Description
Incremental PCA is consistently giving convergence issue with dataframe of 18000, 18000
Reproducing code example:
import numpy as np
import pandas as pd
from sklearn.decomposition import PCA, IncrementalPCA
df_data=pd.read_csv("/home/ubuntu/df_data_18000_18000_data1.csv")
df_data.set_index('Unnamed: 0', inplace=True)
df_data=df_data.astype('int8')
ipca = IncrementalPCA(n_components=3600, batch_size=3600)
data_ipca = ipca.fit_transform(df_data)
total_explained_variances_ratio = sum(list(ipca.explained_variance_ratio_))
print("Total explained variance in IPCA is {}".format(total_explained_variances_ratio))
df = pd.DataFrame(data_ipca, index=list(df_data.index))
print("Size of vector space after IncrementalPCA {}".format(df.shape))
[df_data_18000_18000_data2.csv.zip](https://github.com/numpy/numpy/files/4486707/df_data_18000_18000_data2.csv.zip)
Error message:
Trackback:
Traceback (most recent call last):
File "ipca_script.py", line 8, in
data_ipca = ipca.fit_transform(df_data)
File "/home/ubuntu/miniconda3/lib/python3.7/site-packages/sklearn/base.py", line 553, in fit_transform
return self.fit(X, **fit_params).transform(X)

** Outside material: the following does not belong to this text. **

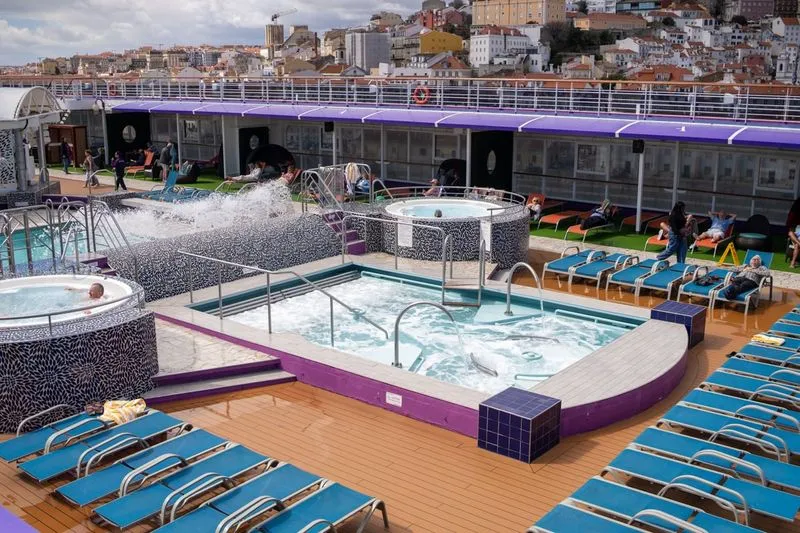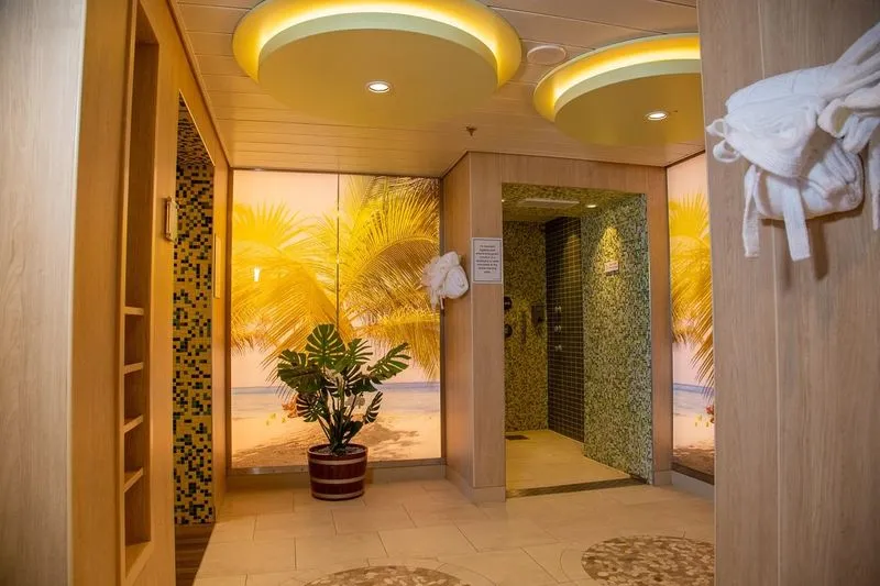 A calm, spacious sanctuary offering free access to the thermal suite, with sauna, steam and relaxation rooms overlooking the sea. A rare find at sea — wellness with a view, all included.

File "/home/ubuntu/miniconda3/lib/python3.7/site-packages/sklearn/decomposition/incremental_pca.py", line 201, in fit
self.partial_fit(X[batch], check_input=False)
File "/home/ubuntu/miniconda3/lib/python3.7/site-packages/sklearn/decomposition/incremental_pca.py", line 279, in partial_fit
U, S, V = linalg.svd(X, full_matrices=False)
File "/home/ubuntu/miniconda3/lib/python3.7/site-packages/scipy/linalg/decomp_svd.py", line 132, in svd
Numpy/Python version information:
1.17.4 3.7.4 (default, Aug 13 2019, 20:35:49)
[GCC 7.3.0]
print(sklearn.version)
0.21.2